Le travail physique et pénible tendrait-il à disparaître ? Ce n'est pas si évident, comme l'indiquent les enquêtes nationales Conditions de travail, menées depuis 1978 par la direction de l'Animation de la recherche, des Etudes et des Statistiques (Dares). Malgré les progrès techniques censés alléger les tâches les plus dures, le travail sollicite toujours physiquement les salariés. Rester longtemps debout, rester longtemps dans une posture pénible, effectuer des déplacements à pied longs ou fréquents, devoir porter ou déplacer des charges lourdes, subir des secousses ou des vibrations : en 2016, un peu plus d'un tiers des salariés ont déclaré être exposés à au moins trois de ces cinq contraintes physiques.

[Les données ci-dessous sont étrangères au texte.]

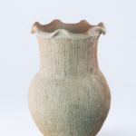Vaso de grande presença, com borda ondulada e textura marcada. Evoca o movimento da argila nas mãos e o diálogo entre força e delicadeza da cerâmica Kiriri.

Contre 12 % en 1984.
Cette augmentation de la proportion de salariés exposés, de 12 % à 34 %, est intervenue entre 1984 et 1998. Elle a concerné les moins qualifiés, mais également des catégories socioprofessionnelles historiquement moins touchées par ces contraintes, comme les professions intermédiaires ou les employés des commerces et services. Ces contraintes ont aussi beaucoup augmenté pour les femmes, exposées à hauteur de 7 % en 1984, puis 27 % en 1998 et 29 % en 2016. Depuis 1998, ces contraintes physiques ne diminuent pas et se stabilisent pour toutes les catégories socioprofessionnelles.

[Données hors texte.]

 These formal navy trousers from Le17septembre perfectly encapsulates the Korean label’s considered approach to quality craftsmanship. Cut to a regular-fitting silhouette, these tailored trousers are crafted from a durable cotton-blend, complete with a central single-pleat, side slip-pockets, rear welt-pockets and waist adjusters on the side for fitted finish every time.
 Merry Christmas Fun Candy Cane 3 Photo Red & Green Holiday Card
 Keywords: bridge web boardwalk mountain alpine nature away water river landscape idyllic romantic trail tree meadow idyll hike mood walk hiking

De l'ouvrier du BTP à l'aide-soignant
Même si les ouvriers non qualifiés restent aujourd'hui les plus exposés (63 %, contre 34 % pour l'ensemble des salariés), les employés et professions intermédiaires déclarent également subir ces contraintes : près de la moitié des employés de commerce, 43 % de ceux travaillant au service direct des particuliers et plus d'un quart des professions intermédiaires. Les salariés exposés à ces contraintes physiques travaillent davantage dans les secteurs de l'industrie extractive, la construction, la métallurgie, l'hébergement et la restauration ou le secteur de la santé humaine. Pour aller un peu plus dans le détail, ils sont notamment ouvriers qualifiés du gros oeuvre du bâtiment (94 %), cuisiniers, bouchers, charcutiers, boulangers (77 %), agriculteurs, éleveurs, sylviculteurs, bûcherons (75 %) ou encore aides-soignants (70 %), infirmiers et sages-femmes (63 %).

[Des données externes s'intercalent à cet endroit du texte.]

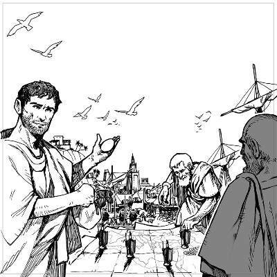 Le dessin au trait (style BD) de Vincent Dutrait pour la boite d’Augustus
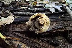 In 1952, a burnt golf ball was submitted to mycologists from an anonymous source in Lancashire, northwest England, and deposited in the Fungarium at Kew Gardens, London.[1][2] The submitter claimed it to be a specimen of a "rare fungal species" belonging to the genus Queletia, but mycologists thought its appearance more closely resembled Scleroderma citrinum, which has an irregular, nearly spherical sporocarp with thick leathery skin and colours that vary from white to tan or brown. The surface of a golf ball is dimpled and, when burned, its outer shell cracks to expose the rubber core, which is similar to the dark gleba of a mature S. citrinum sporocarp. Kew mycologists unsuccessfully attempted to collect spores from the specimen before realizing the nature of the hoax.[2]
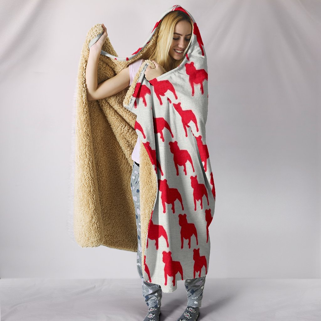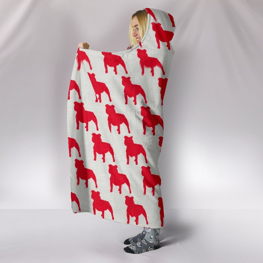 American Staffordshire Terrier Dog Pattern Print Hooded Blanket
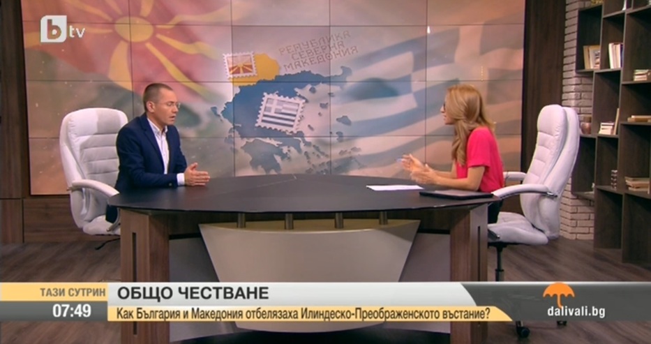 Това каза в сутрешния блок на bTV евродепутатът от ВМРО Ангел Джамбазки, който коментира вчерашното общо честване на годишнината от Илинденско-Преображенското въстание от страна на премиерите Борисов и Заев. "Македонизмът е измислица на Сърбия. Той, като антибългарска теза, е мъртъв. Искам да поздравя Бойко Борисов и Зоран Заев за това. За нас е важно да бъдат демонтирани до край антибългарските настроения в Република Македония, които бяха насадени след 1945 година. Македония е една и тя е българска", категоричен беше той.
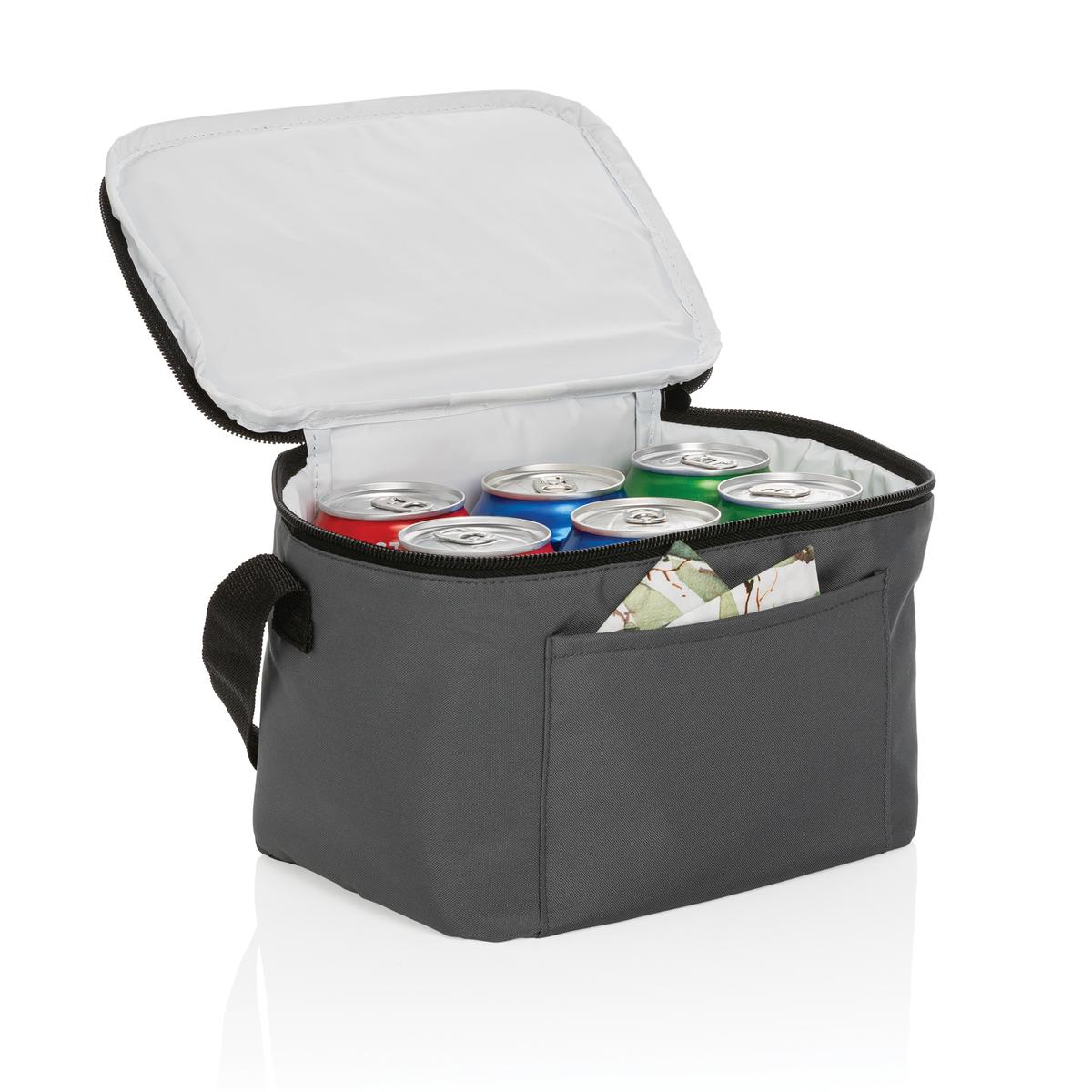 Sac format 6 canettes , poche avant et poignée de transport. En utilisant ce sac isotherme, vous avez réutilisé 3,9 bouteilles PET de 0,5 litre et 2,32 litres d'eau.
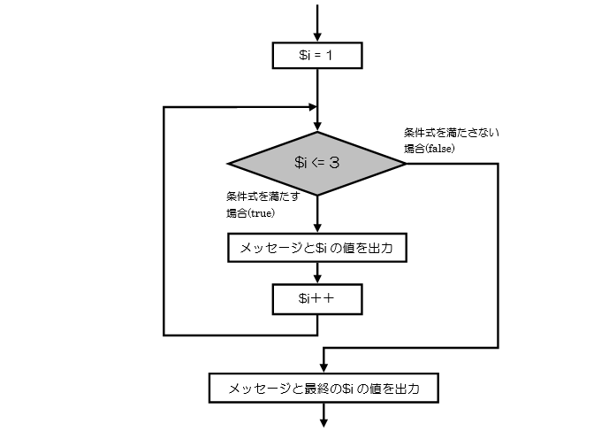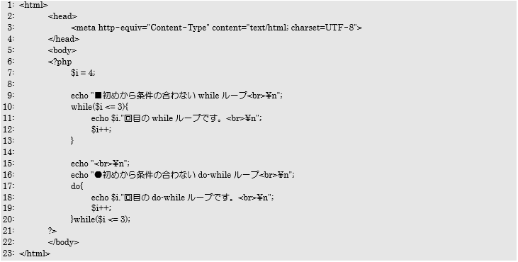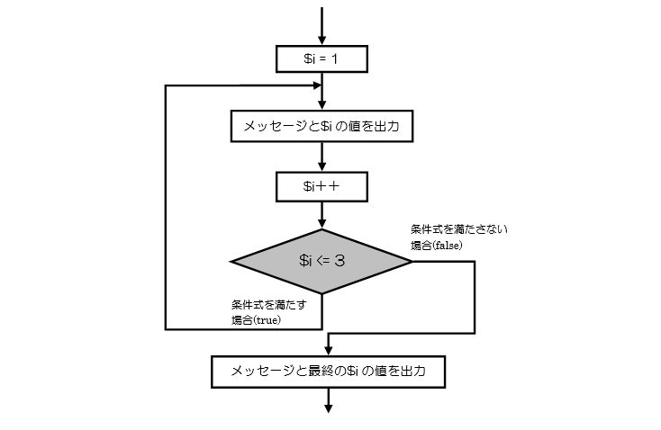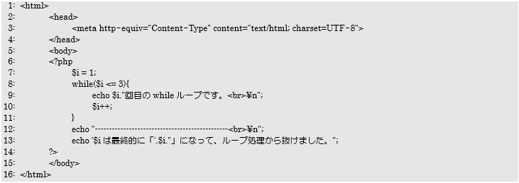 10~13行目がwhile文になりますが、10行目の条件式は$iが3以下の場合繰り返しますが、カウンタ変数$iの初期値は4になっているため内部の処理は行わず、そのままwhile文を抜けます。

Comment expliquer cette dégradation ? La structure de l'emploi par qualifications a en effet changé en trente ans, et la part des ouvriers dans la population active a fortement diminué, ce qui aurait dû réduire la fréquence globale d'exposition aux contraintes physiques. Sauf que la pénibilité s'est fortement accentuée au sein de chaque catégorie socioprofessionnelle, expliquant la hausse globale malgré le recul du nombre d'ouvriers.
Pour partie, cette accoissement des contraintes physiques déclarées reflète aussi une exigence plus grande par rapport aux conditions de travail. Celles-ci ont pris une place importante dans le débat social, du fait de l'action syndicale, du développement de la prévention des risques professionnels ou de l'intervention de l'Etat. Les salariés ont davantage pris conscience des enjeux liés à leurs conditions de travail et des contraintes qu'ils éprouvaient sans toujours pouvoir les désigner. En outre, les enquêtes montrent qu'à caractéristiques socioprofessionnelles identiques, le fait d'être soumis à plusieurs contraintes de rythme augmente la probabilité de déclarer des contraintes physiques. L'intensification du travail observée depuis 1984 fait davantage ressentir les contraintes physiques, qui deviennent plus pénibles lorsqu'on n'a plus le temps ni les marges de manoeuvre pour y faire face.